De Rossi apressa-se a acalmar o compreensível crescer das expectativas, recorrendo às clássicas frases "ainda há um longo caminho pela frente" e "queremos apenas dar seguimento a este bom momento". Ainda assim, admite algum optimismo com a chegada ao clube, no mercado de Inverno, de Luca Toni, por empréstimo do FC Bayern München. "É o jogador que nos fazia falta", afirmou o médio de 26 anos. "Temos excelentes atacantes, todos com uma excelente técnica individual, mas não tínhamos nenhum verdadeiro ponta-de-lança. Ele faz-me lembrar o Batistuta".

"Batigol" terminou a sua carreira com 200 golos marcados em 342 jogos disputados na Serie A, pelo que se trata de um grande elogio, saído talvez mais da boca do "adepto" De Rossi. "Temos vários jogadores naturais de Roma, que sempre foram adeptos deste clube, e esta é a primeira vez que temos um treinador de Roma - quando as coisas correm bem, isso inspira ainda mais os adeptos", explicou. "Ranieri traz uma maior agressividade.
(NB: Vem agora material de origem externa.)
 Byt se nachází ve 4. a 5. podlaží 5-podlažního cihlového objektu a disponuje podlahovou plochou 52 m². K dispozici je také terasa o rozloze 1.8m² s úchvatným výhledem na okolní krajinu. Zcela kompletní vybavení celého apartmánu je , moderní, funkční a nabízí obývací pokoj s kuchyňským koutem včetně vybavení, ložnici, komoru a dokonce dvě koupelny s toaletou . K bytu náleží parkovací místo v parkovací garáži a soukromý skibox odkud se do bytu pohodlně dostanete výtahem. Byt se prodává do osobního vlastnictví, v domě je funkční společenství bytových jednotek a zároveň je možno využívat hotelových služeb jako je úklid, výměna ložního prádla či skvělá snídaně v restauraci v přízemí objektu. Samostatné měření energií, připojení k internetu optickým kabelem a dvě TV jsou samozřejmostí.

Temos uma equipa muito equilibrada e desenvolvemos uma mentalidade ganhadora; podemos ir longe sob as suas ordens".

E serão três as frentes a atacar ainda esta época, com uma réstia de ambição na Serie A a aliar-se a mais genuínas aspirações na Taça de Itália (onde a Roma parte para a segunda mão das meias-finais com uma vantagem de 2-0 sobre a Udinese Calcio) e na UEFA Europa League, prova onde se segue uma visita ao terreno do Panathinaikos, quinta-feira, na primeira mão dos 16 avos-de-final. "Vai ser uma viagem complicada, num estádio com uma atmosfera muito quente, onde os adeptos são verdadeiramente apaixonados", alertou De Rossi. "É um adversário forte e muito experiente".
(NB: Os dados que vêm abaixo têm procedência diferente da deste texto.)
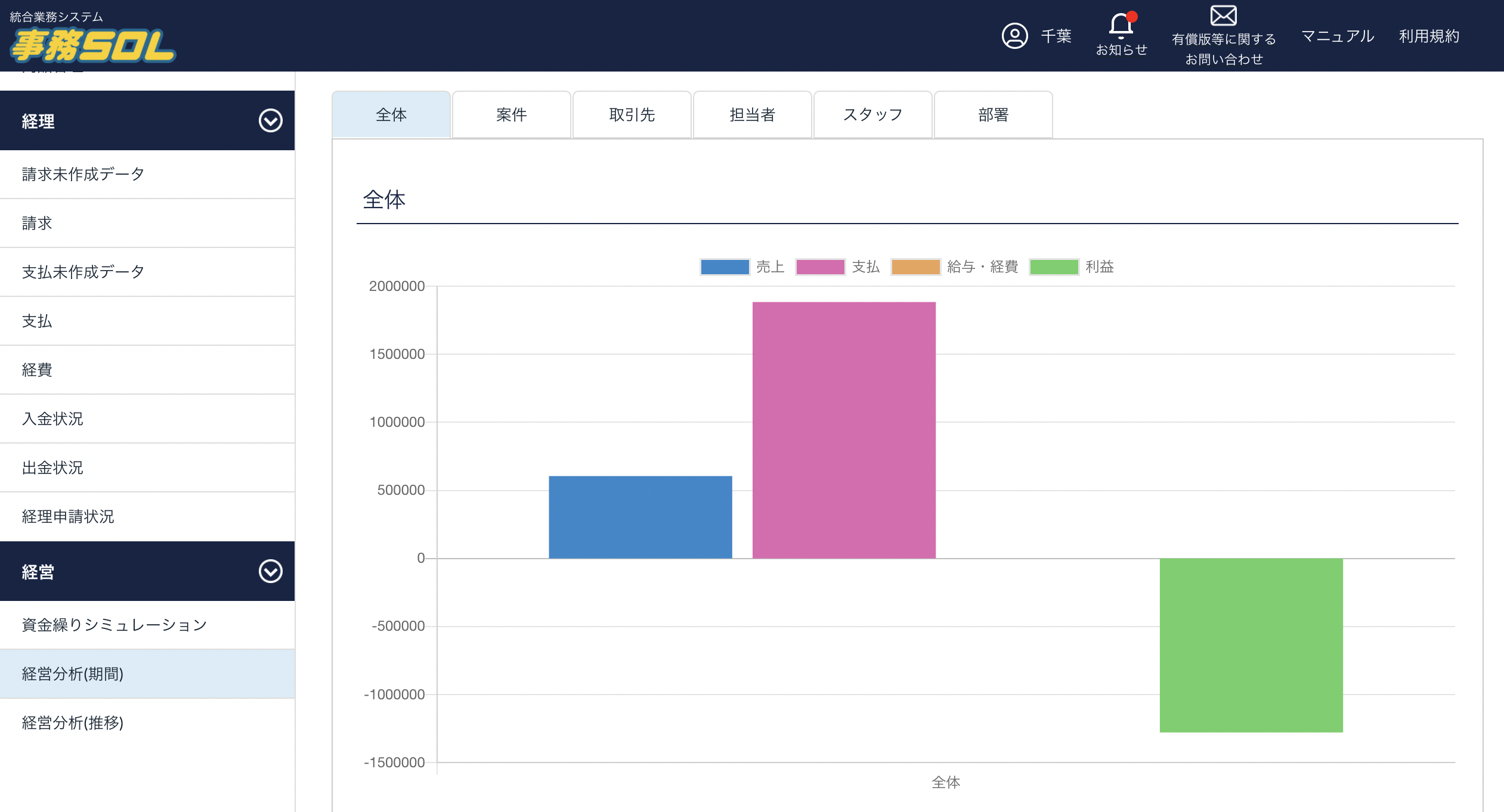 事務作業の結果としてできたデータを経営判断の参考データとして顧客ごとの売上比率や営業マンごとの売上、利益比率なども参照可能です。

Poderiam ser palavras para o descrever a si próprio. Apontado como o futuro capitão, viu o regresso de Totti atrasar a sua ascensão a tal estatuto. "Não é uma questão que me tire o sono", garante De Rossi. "O importante é a equipa; se envergamos ou não a braçadeira não é problema". Uma forma de pensar que faz lembrar o mítico Losi.